Several dozen Israeli police formed human chains to keep 200 screaming far-right Israelis at bay as they picketed the wedding of a Jewish woman and a Muslim man in this latest sign of escalating fallout from the Gaza situation.
“Death to the Arabs,” they shouted, as several dozen officers, including Israel’s elite units, prevented them from storming the wedding hall in the Tel Aviv suburb of Rishon Lezion. No one was injured, but four protesters were arrested. They violated a court order not to approach the wedding hall by closer than 200 meters, the Times of Israel reports.
Among those gathered outside were also supporters of the couple, but the atmosphere was tense, as police thoroughly checked more than 600 guests.
The mere possibility of this wedding had local media in frenzy in the current climate of anti-assimilation activism. Plans to picket the occasion were announced by the ultra-conservative Lehava group in advance.
The Hebrew initials in the group’s name stand for ‘Preventing Assimilation in the Holy Land’. It had published the couple’s wedding invitation on its Facebook page, encouraging people to come with banners and bullhorns to protest.
The couple, Maral Malka, 23 and Mahmoud Mansour, 26, had unsuccessfully sought protection from the state by trying to ban the protest, but according to their lawyer, could only secure police protection. They had been receiving death threats in the run-up to the wedding.
This is not the first incident of harassment to have taken place in the past two months. Lehava has been harassing Jewish-Arab couples in the past, mainly on religious grounds – seldom at weddings, however. The reasoning is that “our Jewish daughters” need to be protected.

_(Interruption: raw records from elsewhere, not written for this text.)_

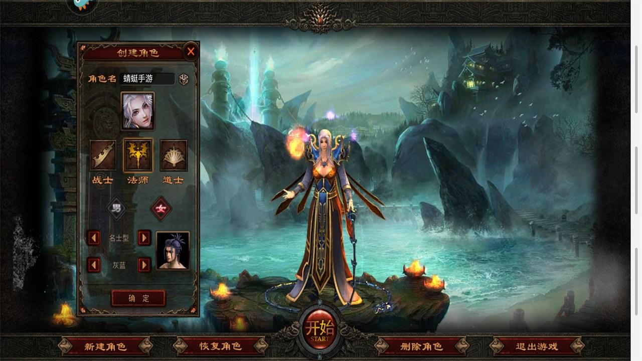 2.选择角色性别,职业,取一个好听的名字点击开始
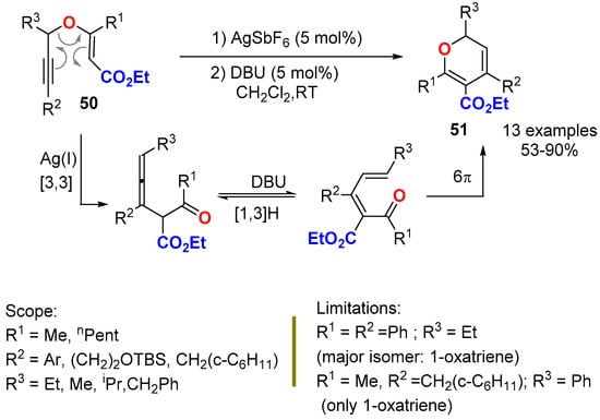 Propargyl vinyl ethers 50 have been successfully rearranged into stable 2,4,5,6-tetrasubstituted 2HPs 51 through a one pot procedure involving a Ag(I)-catalyzed propargyl Claisen rearrangement followed by a tandem DBU-catalyzed isomerization/6π-oxa-electrocyclization reaction (Scheme 18) [50]. The protocol used secondary propargyl vinyl ethers (they bear only one substituent at the propargylic position; R3), and it required the installation of an ester group at the C5 position of the ring and substitution at the C6 position to give stability to the monocyclic 2HP 51.
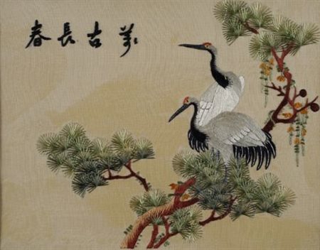 Cicogne pannello in seta con ricami in seta, Giappone, XX sec., cm. 22x28,5

Speaking to Israel’s Channel 2, the groom was optimistic and said the picketing will not make the couple budge from its beliefs or prevent it from being happy. “We favor coexistence,” he said.
“I am happy and moved,” Malka told journalists of the local residents, who showed up to take part in the event and show support for the Jewish-Arab union.
President Reuven Rivlin expressed his support for the couple, highlighting the values of tolerance and respect.
“This couple decided to get married and to exercise their freedoms in a democratic state, and the incitement against them is outrageous and worrying,” his statement read. “Not everyone has to rejoice about their happy occasion, but everyone must respect it.”
He likened Lehava’s actions to “rodents gnawing under the shared democratic and Jewish foundation of Israel.”